Megan Burns, Print Editor-In-Chief

   For any student, a break from school is extremely appreciated; even if it’s just for one day. When the workload piles up and piles up with no holidays in sight, the typical five-day school week can feel extremely draining– but would switching to a four-day week be a better option? 

   By law, Illinois students must attend at least 176 days of school. But how would this impact a change in our school year? Would we go into July? Would we move to a year-round schedule? 

   Making that switch would be a “huge decision” and “impact a lot of things,” said Tom Buenik, guidance department chair. 

   “It not only impacts our families but all of our teaching staff; [what if] all of a sudden I had no daycare for my kids [over] the summer because now I have to work?” Buenik said. “So that [would also] impact us being able to even hire teachers here– a lot of people enjoy having summer off. Now, you go to a school [where they] don’t have summer off… would that hurt our ability to even hire teachers?”

   Switching to year-round schooling with the four-day week could be beneficial to students’ academics, however. 

   With summer break, most students aren’t learning, resulting in “summer learning loss,” Buenik noted. So, when students go back, schools account for this with “so much review since [students] haven’t done anything for two and a half months.”

   “Year-round schooling [is supposed to] combat that so you’re constantly learning.
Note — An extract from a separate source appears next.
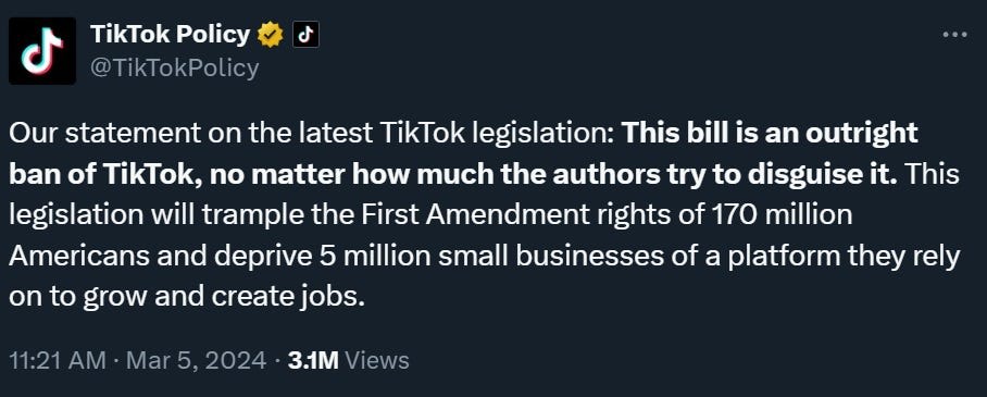 Is this bill a ban on TikTok, or merely a forced divestiture? A forced divestiture can still deny quite a lot of value, you were not previously planning to sell and now buyers have you over a barrel, but they are still very different things.

You never have these large gaps of time where you’re not doing things,” Buenik said. 

   Although year-round schooling would be a solution to avoid an extension of the traditional school year, it would still cause the same amount of problems for families in the MHS community as a four-day– yet traditional schedule– would. Families could have students at the feeder schools that are still on a five-day, traditional schedule, or teachers could have their own families on different schedules.
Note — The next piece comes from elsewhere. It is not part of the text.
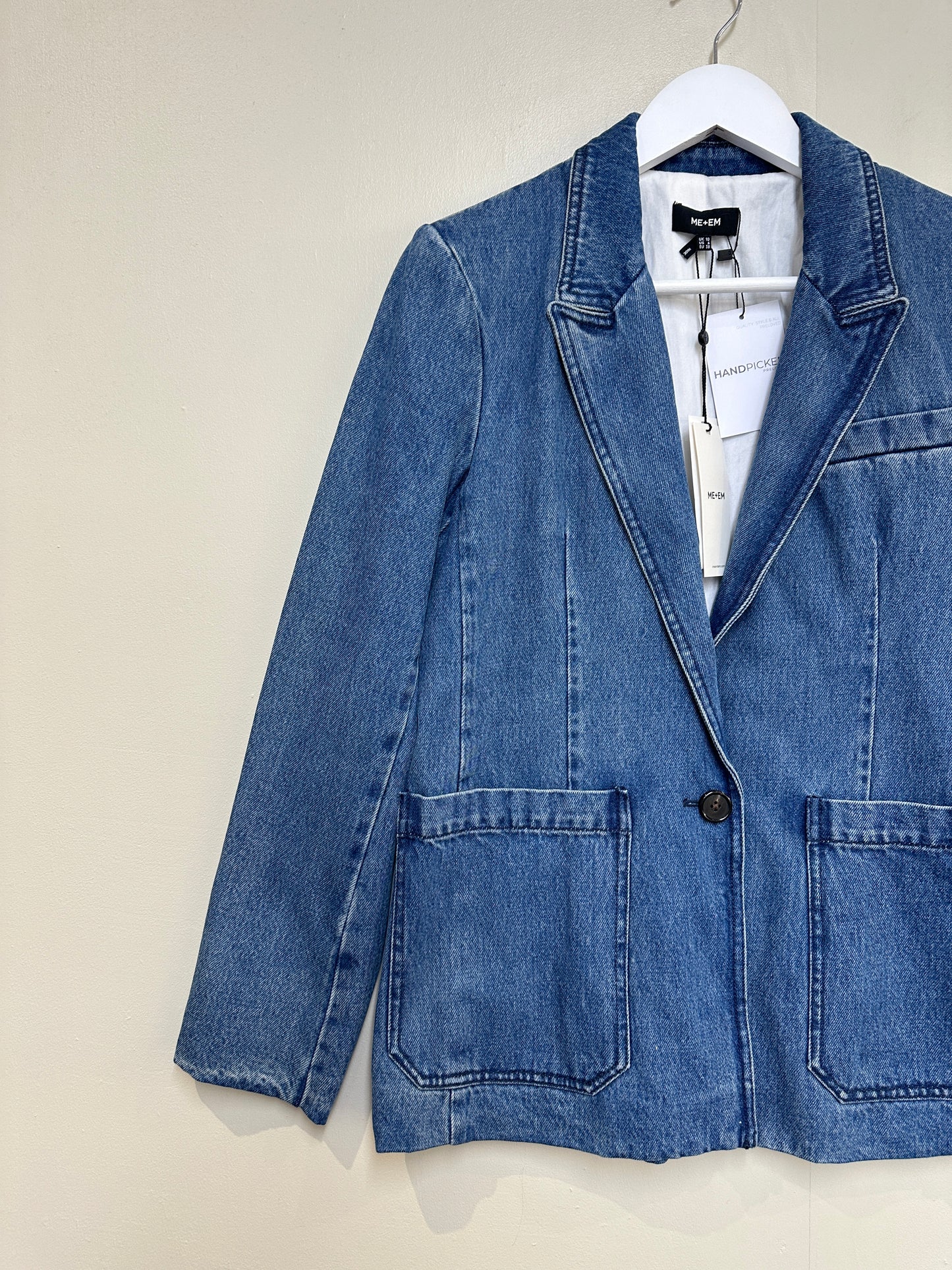 Mama B Grey Blue Cotton Blend Boxy Jacket - Size S

   “My own children would be out of sync with MHS,” Christopher Michalides, science teacher said. “This would impact the ability to travel for prolonged times during [the summer.] Staff with younger children will experience increased childcare costs because we will be in school longer than their children’s schools.”

   Year-round schooling wouldn’t be the only way to balance out the possible August-June year from a four-day week, however. 
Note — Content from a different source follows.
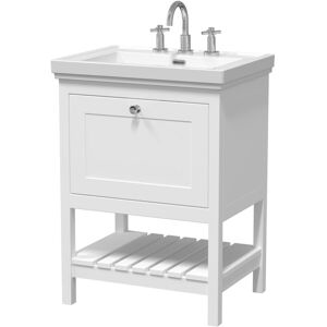 Rye Traditional Furniture Floor Standing 1 Drawer Vanity & 3 Tap Hole Fireclay Basin, 800mm, Cool Grey - Balterley Manufactured from high quality materials. The soft close drawer prevents slamming. The Fireclay sink is manufactured using a centuries old process and rigorously tested to the highest standard. Tap Waste and Fixings not included. A beautiful addition and focal point to your bathroom, the Rye range of traditionally inspired furniture from Balterley combines elegant design and quality materials. With 1 soft close drawer and an open slat shelf. In a beautiful Cool Grey super matt finish for a touch of the contemporary. Product Highlights A beautiful farmhouse inspired traditional vanity basin unit With 1 soft close drawer and 1 open shelf In a calming Cool Grey Super Matt finish With an elegant 3 Tap Hole Fireclay basin Ample storage to keep your bathroom clutter free Dimensions (mm): W 830 x H 865 x D 470 Product Weight (KG): 48 Manufacturer's guarantee: 5 year

   Social Studies teacher Thomas Kuhn stated that “the only way [he] could remotely support this is if the fifth day involved asynchronous work students could do outside of school, such as [watching] videos or [completing] longer-term assignments.” 

   Some people weren’t as concerned about extending school into June however, and were more concerned about students’ well-being from the workload.

   “I believe we should switch to a four-day week due to the [number] of kids [that] are burning out,” Senior Gaby Seleps said. “Two-day weekends have become too short, and the amount of work kids have has become tremendous. With a three-day weekend instead of just two, it should reduce the amount of ‘burn-out’ significantly.”

   Yet with this extra day to possibly help student stress levels, the “spark” of it might wear off over time. In the short term, students would be able to feel less pressure from their academics, but with a longer year that “burn-out” will still be felt– just in a different way.

   Although a regular four-day week sounds heavenly, the change would cause too many problems for families, students and teachers.